Your guide to contracts is Professor Frank B. Cross, Professor of Business Regulation at The University of Texas at Austin and a former attorney with the law firm of Kirkland & Ellis in Washington, DC.
The Academy of Legal Studies in Business honored Professor Cross as the nation's outstanding professor. The Business Week guide to M.B.A. programs has also recognized him as one of the nation's outstanding teachers.
Professor Cross is the author of more than 30 articles in journals of law, science, policy, and management. He has published four textbooks for business law classes, as well as several other academic books. Professor Cross serves on the editorial boards of four journals, including the American Business Journal.
When Has a Contract Been Made?
Lecture 1 explores the boundaries of contracts in law. It discusses the four main requirements that any contract must satisfy, and it discusses the Uniform Commercial Code of the United States, which incorporated common law about commercial contracts into state statutes.
Lectures 2 and 3 give greater detail about the main components of a contract.
One party makes an offer and the other accepts, refuses, or makes a counteroffer, but there are many possible slips in between. Which offers are binding? Lecture 2 examines the preliminary issues of offer and acceptance, including the ability of parties to negotiate, the definiteness of a contract's terms, and terms of acceptance.
In Lecture 3, we look at three more elements of a binding contract:
- What each party must give up for a contract to be made ("consideration")
- Whether and when those of a diminished capacity, such as children or the insane, can make contracts
- When a contract must be in writing.
When Is a Contract not Binding?
Lectures 4 and 5 consider the possible reasons for declaring contracts void or breached.
When does a mistake by either party or fraud by one of them invalidate a contract? When can a party successfully claim that an agreement was reached under duress? In Lecture 4, you get answers to these questions.
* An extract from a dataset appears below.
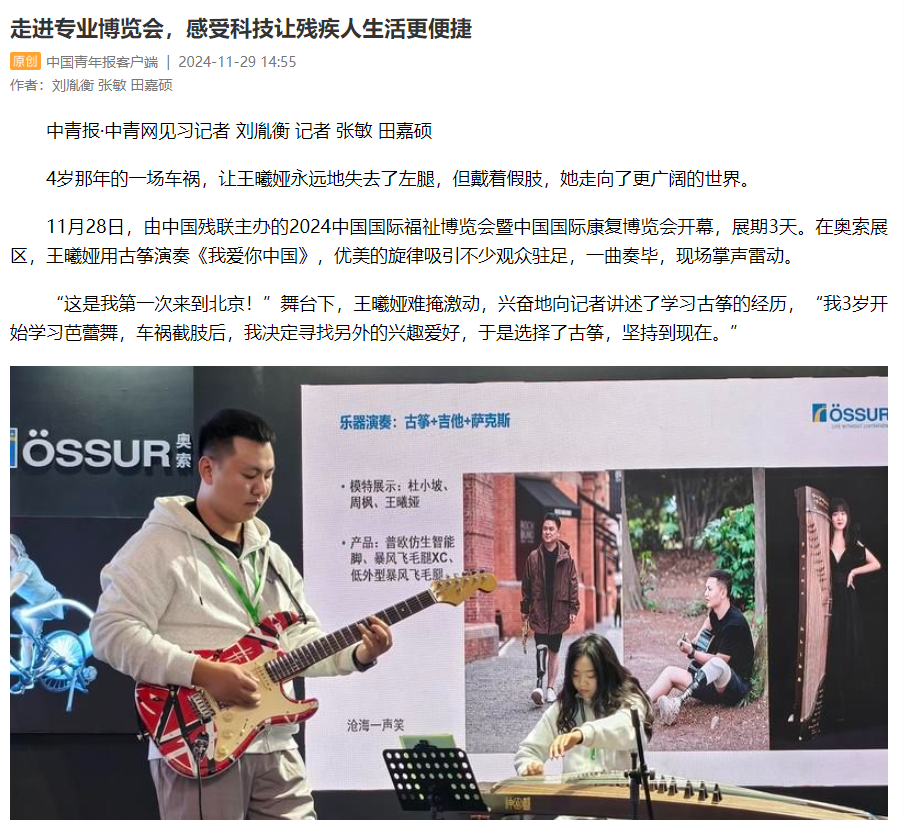 11月28日,由中國殘聯(lián)主辦的2024中國國際福祉博覽會暨中國國際康復(fù)博覽會開幕,展期3天。在奧索展區(qū),王曦婭用古箏演奏《我愛你中國》,優(yōu)美的旋律吸引不少觀眾駐足,一曲奏畢,現(xiàn)場掌聲雷動。

Lecture 5 reviews problems with the performance of a contract, including how much of a performance is required to consider a contract discharged, and other legal reasons for discharge. What conditions will excuse performance?
What can you do when the other side doesn't meet its obligations?
If a contract has been breached, how do the courts decide how much you are owed? Remedies for breaches of contract, and different methods for assessing the fair compensation in such cases, are considered in Lecture 6.
Special Cases: Third-Party and International Contracts
The series concludes with discussions of two unique issues in contract law: third-party rights in contracts and international contracts.
Lecture 7 explains the categories of persons who are legally permitted to enforce agreements to which they are not original contracting parties. These might include beneficiaries of the contract or an assignee of a certain part of a contract. The key questions are these:
- When can rights under a contract be assigned to someone else?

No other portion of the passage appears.